The following example discusses the starting dose of an antibody, investigated for patients with advanced cancers where the toxicity-based approach would have resulted in a starting dose lower than the MABEL dose. Toxicology studies in monkeys determined the HNSTD to be 3 µg/kg once weekly subcutaneously (i.e. 15 μg for a 5 kg monkey). Using a sixfold safety margin and considering the amount of drug injected in toxicology studies, the starting dose would be <0.04 µg/kg for a 70 kg patient. However, no injection-site reactions were observed in monkeys, therefore the starting dose was not limited to the amount of drug injected. Using the BSA normalization approach with standard parameters and a sixfold safety margin, the starting dose would be 0.16 µg/kg once weekly, whereas a MABEL-based approach indicated a starting dose of 0.6 µg/kg once every 2 weeks. Of note, the toxicology study was designed as a once-weekly regimen; however a once every 2 weeks regimen was later selected for clinical evaluation, which was supported by pharmacokinetic characterization from toxicology studies. The MABEL-based regimen was higher than that based on the BSA normalization approach with standard parameters. Using a scaling factor of 0.81 and a sixfold safety margin also supported the dose of 0.6 µg/kg once every 2 weeks, i.e. 3 µg/kg × 0.6 (conversion factor) × 1/6 = 0.3 µg/kg once weekly, which provides a similar overall exposure as 0.6 µg/kg once every 2 weeks. A scaling factor of 0.81 was selected based on a comprehensive exercise to determine the typical population pharmacokinetic parameters of monoclonal antibodies utilizing a rich dataset including 27 monoclonal antibodies with linear pharmacokinetics [8]. Furthermore, the selected starting dose level was supported by all available data, including (1) non-clinical toxicology studies that showed a safety profile consistent with the target expression and the underlying mechanism of action; (2) similar target binding affinities between humans and monkeys; (3) a similar target expression pattern between humans and monkeys; (4) a well-characterized exposure–safety relationship across a wide range of doses; (5) low expected RO; and (6) low risk of eliciting CDC or ADCC. Therefore, the totality of data suggested a low risk of exaggerated pharmacology and supported the MABEL-based starting dose.

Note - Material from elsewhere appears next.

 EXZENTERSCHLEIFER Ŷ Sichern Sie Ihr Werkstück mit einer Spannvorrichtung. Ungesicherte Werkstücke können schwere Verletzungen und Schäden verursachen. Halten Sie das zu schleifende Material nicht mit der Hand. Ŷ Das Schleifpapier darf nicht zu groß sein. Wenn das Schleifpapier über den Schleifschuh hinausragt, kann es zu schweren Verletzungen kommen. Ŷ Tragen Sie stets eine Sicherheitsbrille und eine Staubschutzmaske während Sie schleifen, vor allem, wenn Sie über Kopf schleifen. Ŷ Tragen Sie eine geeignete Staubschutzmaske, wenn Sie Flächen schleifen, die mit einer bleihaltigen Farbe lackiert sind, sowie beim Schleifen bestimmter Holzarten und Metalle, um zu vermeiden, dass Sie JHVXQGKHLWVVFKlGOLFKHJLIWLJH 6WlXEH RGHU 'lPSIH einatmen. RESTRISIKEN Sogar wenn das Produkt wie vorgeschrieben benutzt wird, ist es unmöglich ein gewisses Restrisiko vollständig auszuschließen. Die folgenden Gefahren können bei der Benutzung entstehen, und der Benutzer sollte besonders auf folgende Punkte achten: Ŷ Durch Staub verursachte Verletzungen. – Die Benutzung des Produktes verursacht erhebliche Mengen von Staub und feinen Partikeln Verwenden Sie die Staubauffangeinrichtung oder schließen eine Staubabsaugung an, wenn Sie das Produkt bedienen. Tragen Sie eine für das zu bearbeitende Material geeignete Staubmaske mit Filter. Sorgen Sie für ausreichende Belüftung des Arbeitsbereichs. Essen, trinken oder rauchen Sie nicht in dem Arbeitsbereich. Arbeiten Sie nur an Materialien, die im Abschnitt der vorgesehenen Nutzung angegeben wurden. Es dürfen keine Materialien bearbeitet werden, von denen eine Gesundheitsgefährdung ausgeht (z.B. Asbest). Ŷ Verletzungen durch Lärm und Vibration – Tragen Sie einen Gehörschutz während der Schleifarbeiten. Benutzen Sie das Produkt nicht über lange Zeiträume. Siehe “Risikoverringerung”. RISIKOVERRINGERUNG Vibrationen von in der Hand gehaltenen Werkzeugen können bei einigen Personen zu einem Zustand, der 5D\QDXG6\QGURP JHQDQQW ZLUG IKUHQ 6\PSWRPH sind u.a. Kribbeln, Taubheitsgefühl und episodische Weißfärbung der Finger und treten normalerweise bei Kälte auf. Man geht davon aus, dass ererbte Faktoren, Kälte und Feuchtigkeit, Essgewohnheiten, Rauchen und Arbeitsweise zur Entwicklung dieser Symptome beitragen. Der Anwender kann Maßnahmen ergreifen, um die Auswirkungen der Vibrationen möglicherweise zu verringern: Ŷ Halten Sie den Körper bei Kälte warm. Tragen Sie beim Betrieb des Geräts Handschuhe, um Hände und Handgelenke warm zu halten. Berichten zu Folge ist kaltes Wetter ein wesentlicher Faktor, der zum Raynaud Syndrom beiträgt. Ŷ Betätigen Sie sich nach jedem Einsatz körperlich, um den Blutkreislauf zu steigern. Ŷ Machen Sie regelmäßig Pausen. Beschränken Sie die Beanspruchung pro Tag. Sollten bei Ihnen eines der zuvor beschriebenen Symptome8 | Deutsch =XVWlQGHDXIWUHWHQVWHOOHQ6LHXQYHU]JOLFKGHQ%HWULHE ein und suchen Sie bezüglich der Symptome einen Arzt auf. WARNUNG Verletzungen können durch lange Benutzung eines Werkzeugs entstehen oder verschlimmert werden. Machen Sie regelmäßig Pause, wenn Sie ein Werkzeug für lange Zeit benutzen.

Finally, the starting dose should be viewed as the means, rather than the end, to an efficient FIH study. Efficient dose escalation strategies are an important consideration of the design of efficient FIH studies. Dose escalation strategies fall into two broad categories, either rule-based (e.g. 3 + 3 design and its variations) or model-based approaches, such as Bayesian-logistic regression models (BLRM) and the continuous reassessment method (CRM). Each of these methods have advantages and disadvantages [11]. The choice of the dose escalation method should consider the novelty of the molecule, the level of uncertainty in the toxicity profile, the starting dose, and the underlying disease.

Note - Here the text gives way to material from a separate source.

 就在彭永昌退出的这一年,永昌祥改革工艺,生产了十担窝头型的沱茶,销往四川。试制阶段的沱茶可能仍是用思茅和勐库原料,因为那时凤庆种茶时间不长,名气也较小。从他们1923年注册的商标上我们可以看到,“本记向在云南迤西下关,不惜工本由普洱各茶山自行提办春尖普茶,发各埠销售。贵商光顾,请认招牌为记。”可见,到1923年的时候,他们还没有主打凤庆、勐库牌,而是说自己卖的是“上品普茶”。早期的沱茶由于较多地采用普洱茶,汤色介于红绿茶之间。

We call for a balanced approach for selecting starting doses that considers the therapeutic benefit in the target patient population while maintaining adequate safety margins [1]. The starting doses should be determined based on comprehensive evaluation of all available data, including in vitro and in vivo data, in relevant models employing model-informed drug development approaches, the novelty of the mechanism of action, potential differences in the sensitivity of the preclinical species to toxic effects versus humans, relevance of available animal models for predicting efficacy in patients, different receptor density or affinity, differences in systemic bioavailability, and/or drug distribution. If uncertainties in the translation paradigm are too high, resulting in a low starting dose, more efficient dose escalation strategies should be considered, as supported by the emerging clinical data, especially in the initial cohorts.